----- Available data -----
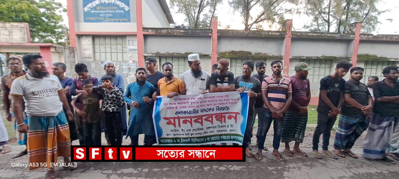 পাইকগাছায় কুখ্যাত মাদক কারবারি মোঃ মামুন সানা ও তার স্ত্রী হাজরা বেগমের হাত থেকে যুব সমাজকে রক্ষার দাবিতে এলাকাবাসীর উদ্যোগে এক মানববন্ধন অনুষ্ঠিত হয়েছে।
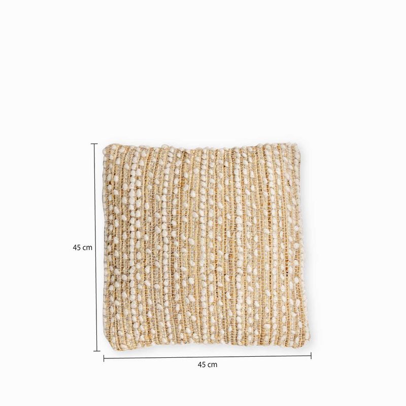 Cojín decorativo con tejido natural en yute, lana y algodón. Caracterizado por sus líneas geométricas de color beige y natural, que aportan encanto artesanal y diseño a los diversos espacios como salas de estar, alcobas y muebles con calidez y naturalidad.
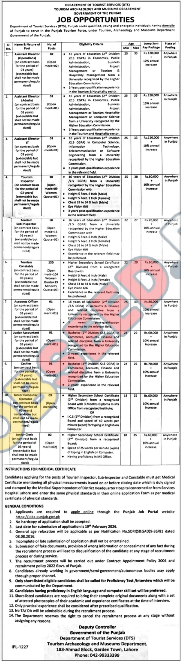 Seeking career-minded individuals! The Department of Tourist Services (DTS), Punjab, a part of the government sector, is hiring Assistant Directors. These contract-based positions offer a competitive salary with a 10% annual increase, along with the opportunity to shape the future of Punjab's tourism and cultural heritage. We are looking for talented individuals with relevant experience to join our team. With these job openings, you’ll be a part of latest jobs and benefit from professional growth in a stable environment. Apply now for this exciting career opportunity!
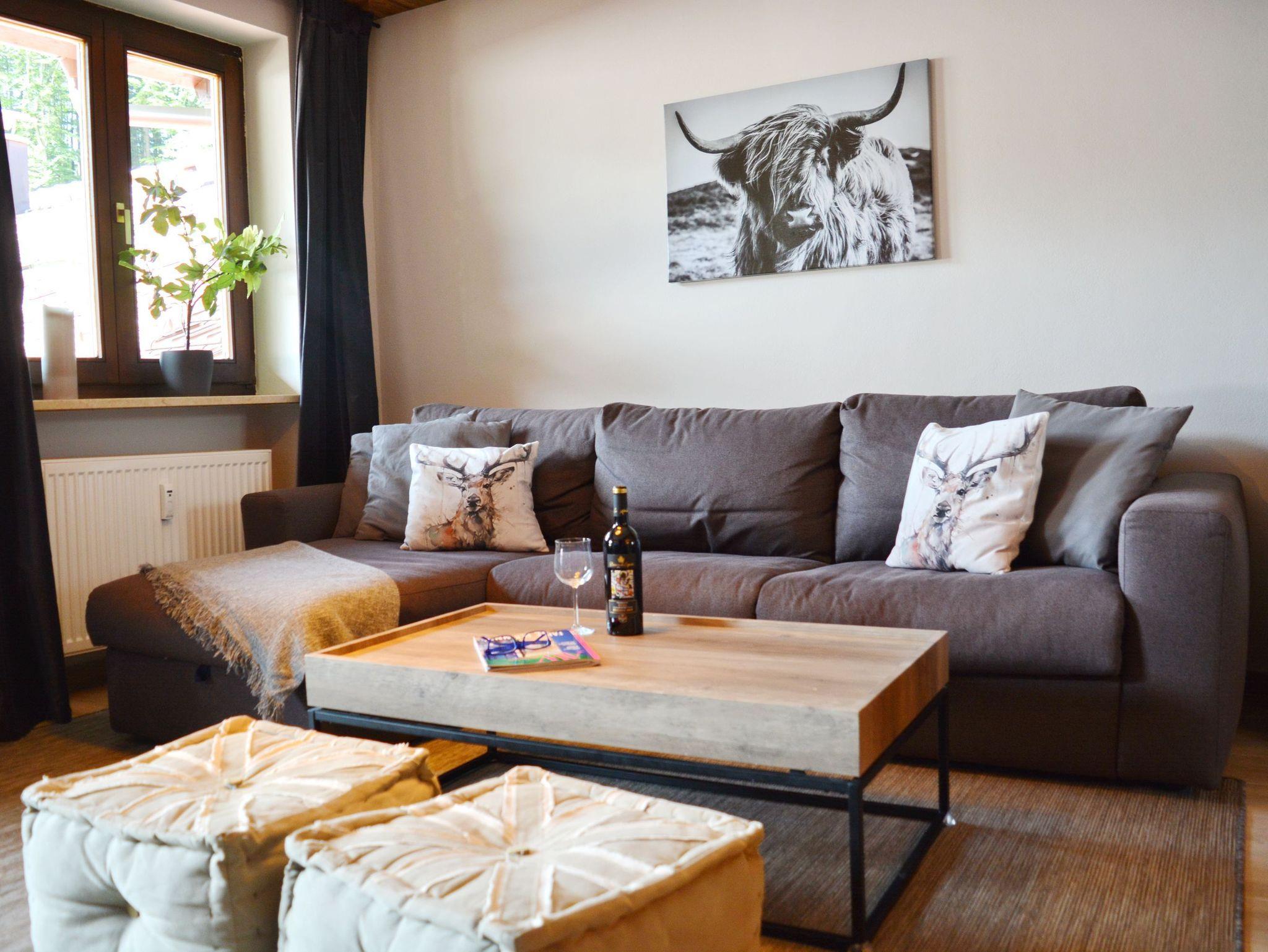 Diese stilvoll eingerichtete Ferienwohnung im 2. Obergeschoss bietet modernes alpenländisches Design, gemütlichen Komfort und einen Südbalkon mit Berg- und Burgblick. Freuen Sie sich auf ein separates Schlafzimmer mit Boxspringbett, ein helles Wohn-/Esszimmer mit Schlafsofa, eine voll ausgestattete Küche mit Stil sowie ein modernes Bad mit bodengleicher Dusche. WLAN, Bettwäsche, Handtücher und Parkplatz sind inklusive. Fahrradabstellplatz vorhanden. Nichtraucherwohnung, keine Haustiere.
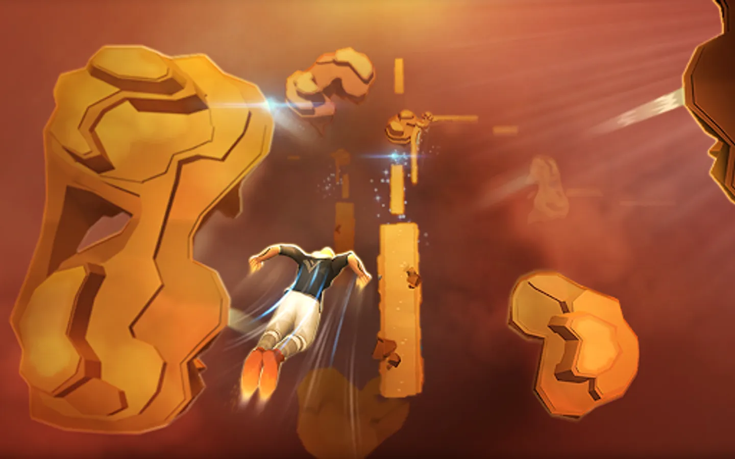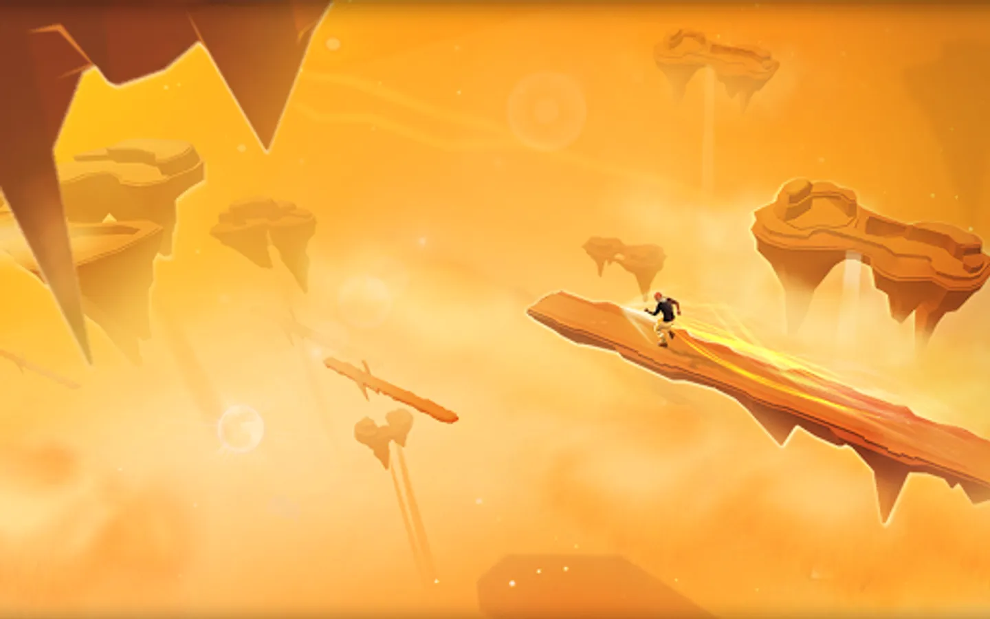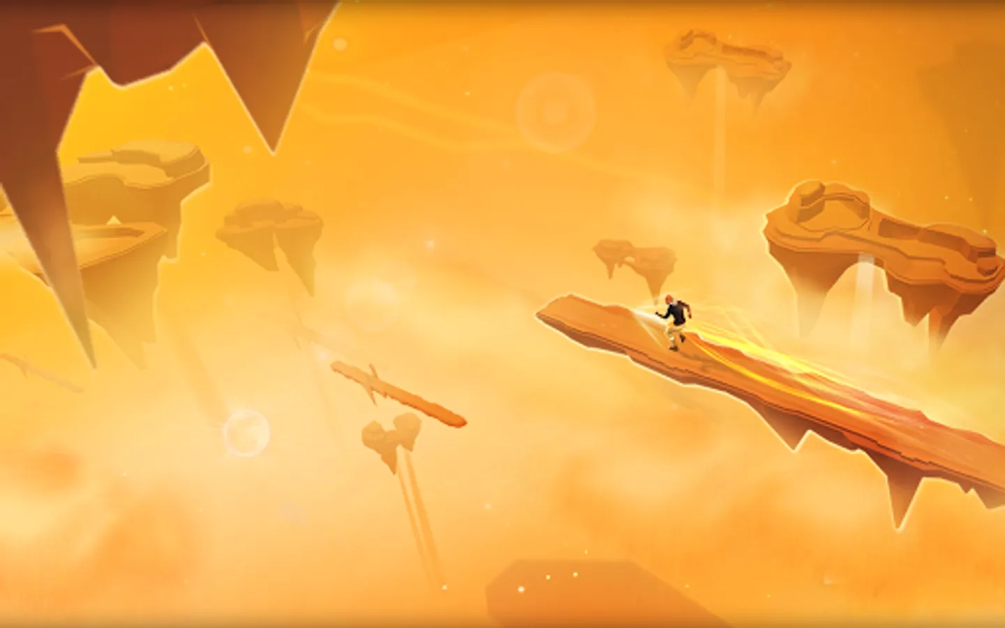 Run and jump across hazardous cliffs from one flying island to another, while avoiding large boulders. Feel free like a bird as you run through the skies and land gracefully trying to beat the endless abyss. Conquer all the dangerous terrains in different weather conditions from clear skies to storms which rage for days.
-----
● **Task item**:
Please copy the data shown above word for word, omitting the pictures.

● **Response to this task**:
 পাইকগাছায় কুখ্যাত মাদক কারবারি মোঃ মামুন সানা ও তার স্ত্রী হাজরা বেগমের হাত থেকে যুব সমাজকে রক্ষার দাবিতে এলাকাবাসীর উদ্যোগে এক মানববন্ধন অনুষ্ঠিত হয়েছে।
 Cojín decorativo con tejido natural en yute, lana y algodón. Caracterizado por sus líneas geométricas de color beige y natural, que aportan encanto artesanal y diseño a los diversos espacios como salas de estar, alcobas y muebles con calidez y naturalidad.
 Seeking career-minded individuals! The Department of Tourist Services (DTS), Punjab, a part of the government sector, is hiring Assistant Directors. These contract-based positions offer a competitive salary with a 10% annual increase, along with the opportunity to shape the future of Punjab's tourism and cultural heritage. We are looking for talented individuals with relevant experience to join our team. With these job openings, you’ll be a part of latest jobs and benefit from professional growth in a stable environment. Apply now for this exciting career opportunity!
 Diese stilvoll eingerichtete Ferienwohnung im 2. Obergeschoss bietet modernes alpenländisches Design, gemütlichen Komfort und einen Südbalkon mit Berg- und Burgblick. Freuen Sie sich auf ein separates Schlafzimmer mit Boxspringbett, ein helles Wohn-/Esszimmer mit Schlafsofa, eine voll ausgestattete Küche mit Stil sowie ein modernes Bad mit bodengleicher Dusche. WLAN, Bettwäsche, Handtücher und Parkplatz sind inklusive. Fahrradabstellplatz vorhanden. Nichtraucherwohnung, keine Haustiere.
 Run and jump across hazardous cliffs from one flying island to another, while avoiding large boulders. Feel free like a bird as you run through the skies and land gracefully trying to beat the endless abyss. Conquer all the dangerous terrains in different weather conditions from clear skies to storms which rage for days.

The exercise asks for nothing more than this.